▶ _Work request_
Write out all of the records exactly once more and skip the images.

▶ _Working data_
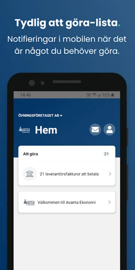 With the Avanta app, you never miss an important financial event. Thanks to push notifications, you will always be up to date on what is happening in the company's financial flows.
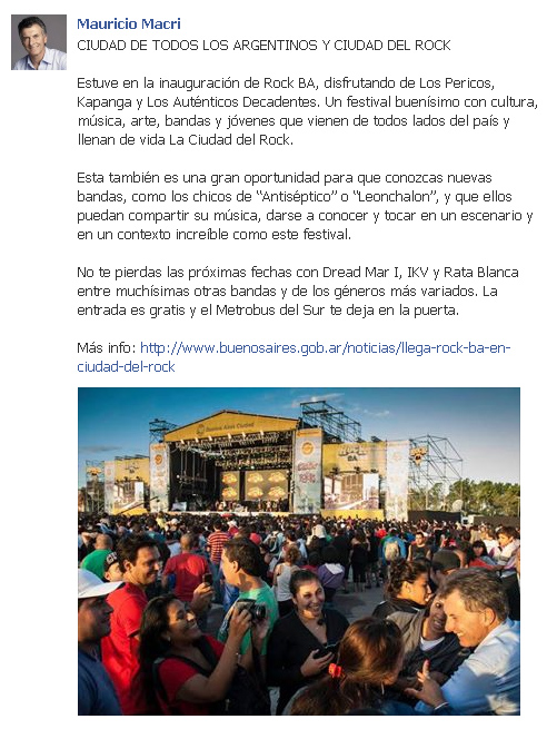 El jefe de Gobierno porteño Mauricio Macri asistió a la inauguración del festival Rock BA, un evento libre y gratuito que se realizará hasta el domingo próximo en la Ciudad del Rock, donde el público podrá presenciar recitales de las mejores bandas de la actualidad.
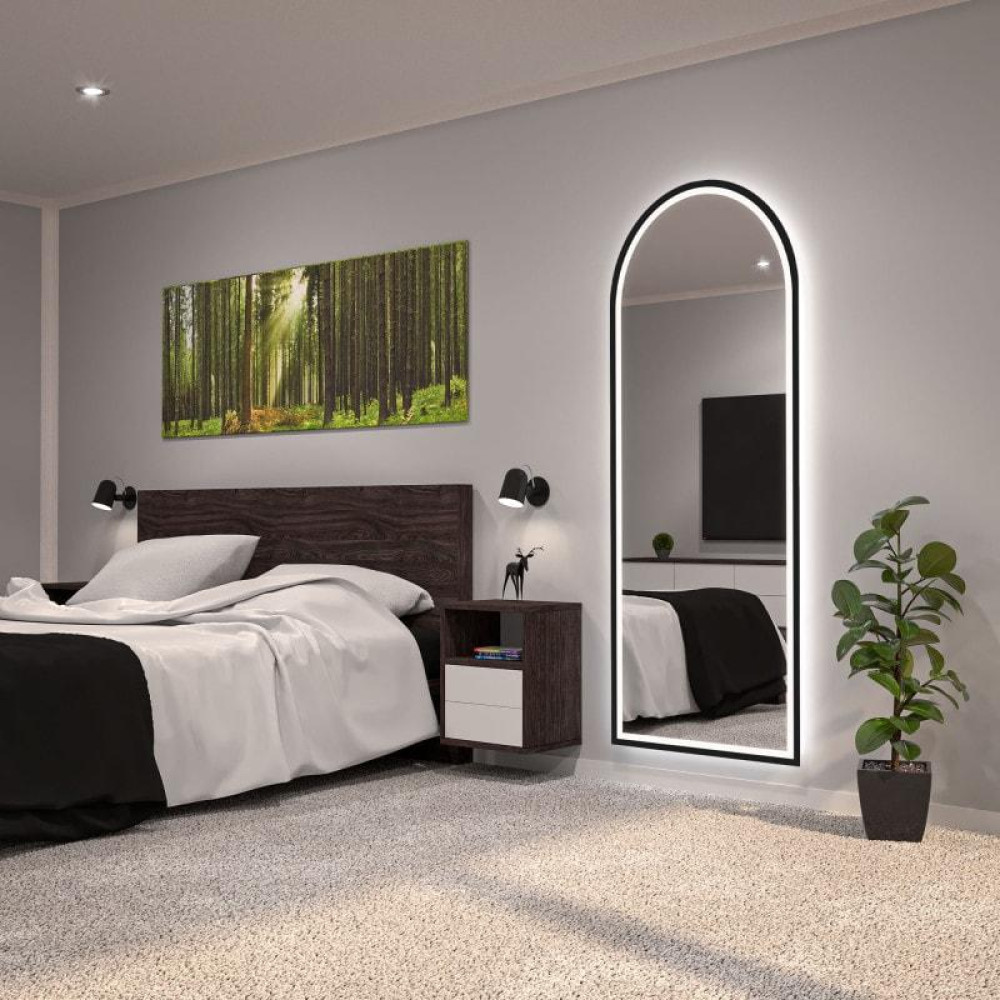 Арочная форма придаёт зеркалу элегантность и визуальную мягкость, а рама из МДФ подчёркивает чёткость линий и аккуратность исполнения. Фронтальная LED-подсветка обеспечивает яркий, ровный и комфортный свет для повседневного использования, макияжа и примерки образов. Задняя фоновая подсветка создаёт эффект «парения», добавляя глубину, объём и атмосферность пространству.
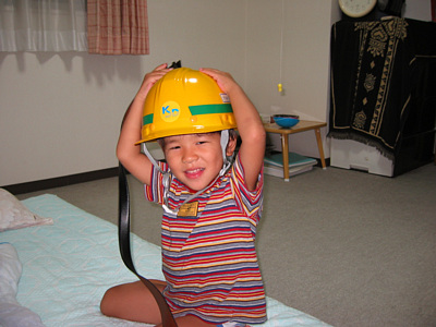 ![]() 9月 5日 チチのヘルメットをかぶってポーズ. 将来はチチみたいな仕事がしたい? |
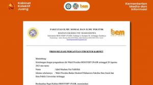Retorika.id - Press Release Pergantian Struktur Kabinet yang diunggah oleh Instagram BEM FISIP UNAIR (29/8/2023) ramai diperbincangkan. Dalam publikasi tersebut, Nupa, selaku Wapres BEM FISIP UNAIR ... » baca selengkapnya ]
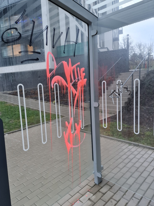 Rozbitá střecha na autobusové zastávce Olgy Havlové směr do centra. Já jsem nahlásil tento problém ještě v červnu, ale to pořád není vyřešeno.
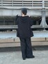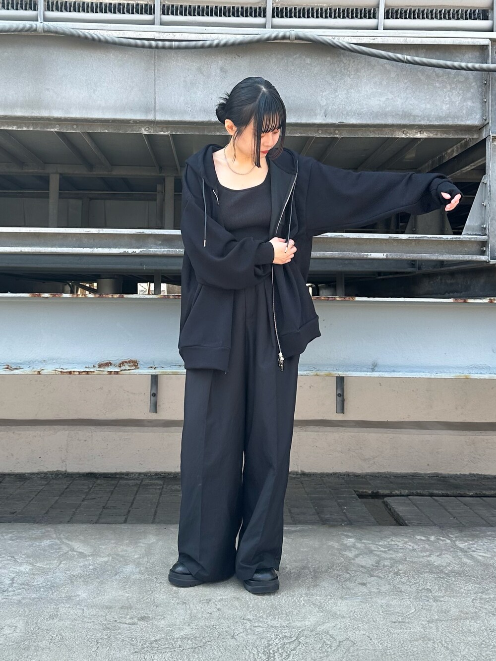 オーバーサイズなジップパーカーを使ったオールブラックコーデ。 とてもなめらかでやわらかい素材感なので、着心地抜群です! 中に着るトップスもさまざまなサイズ感と合わせることができるので着回し面も◎

▶ _Response to this exercise_
 With the Avanta app, you never miss an important financial event. Thanks to push notifications, you will always be up to date on what is happening in the company's financial flows.
 El jefe de Gobierno porteño Mauricio Macri asistió a la inauguración del festival Rock BA, un evento libre y gratuito que se realizará hasta el domingo próximo en la Ciudad del Rock, donde el público podrá presenciar recitales de las mejores bandas de la actualidad.
 Арочная форма придаёт зеркалу элегантность и визуальную мягкость, а рама из МДФ подчёркивает чёткость линий и аккуратность исполнения. Фронтальная LED-подсветка обеспечивает яркий, ровный и комфортный свет для повседневного использования, макияжа и примерки образов. Задняя фоновая подсветка создаёт эффект «парения», добавляя глубину, объём и атмосферность пространству.
 ![]() 9月 5日 チチのヘルメットをかぶってポーズ. 将来はチチみたいな仕事がしたい? |
Retorika.id - Press Release Pergantian Struktur Kabinet yang diunggah oleh Instagram BEM FISIP UNAIR (29/8/2023) ramai diperbincangkan. Dalam publikasi tersebut, Nupa, selaku Wapres BEM FISIP UNAIR ... » baca selengkapnya ]
 Rozbitá střecha na autobusové zastávce Olgy Havlové směr do centra. Já jsem nahlásil tento problém ještě v červnu, ale to pořád není vyřešeno.
 オーバーサイズなジップパーカーを使ったオールブラックコーデ。 とてもなめらかでやわらかい素材感なので、着心地抜群です! 中に着るトップスもさまざまなサイズ感と合わせることができるので着回し面も◎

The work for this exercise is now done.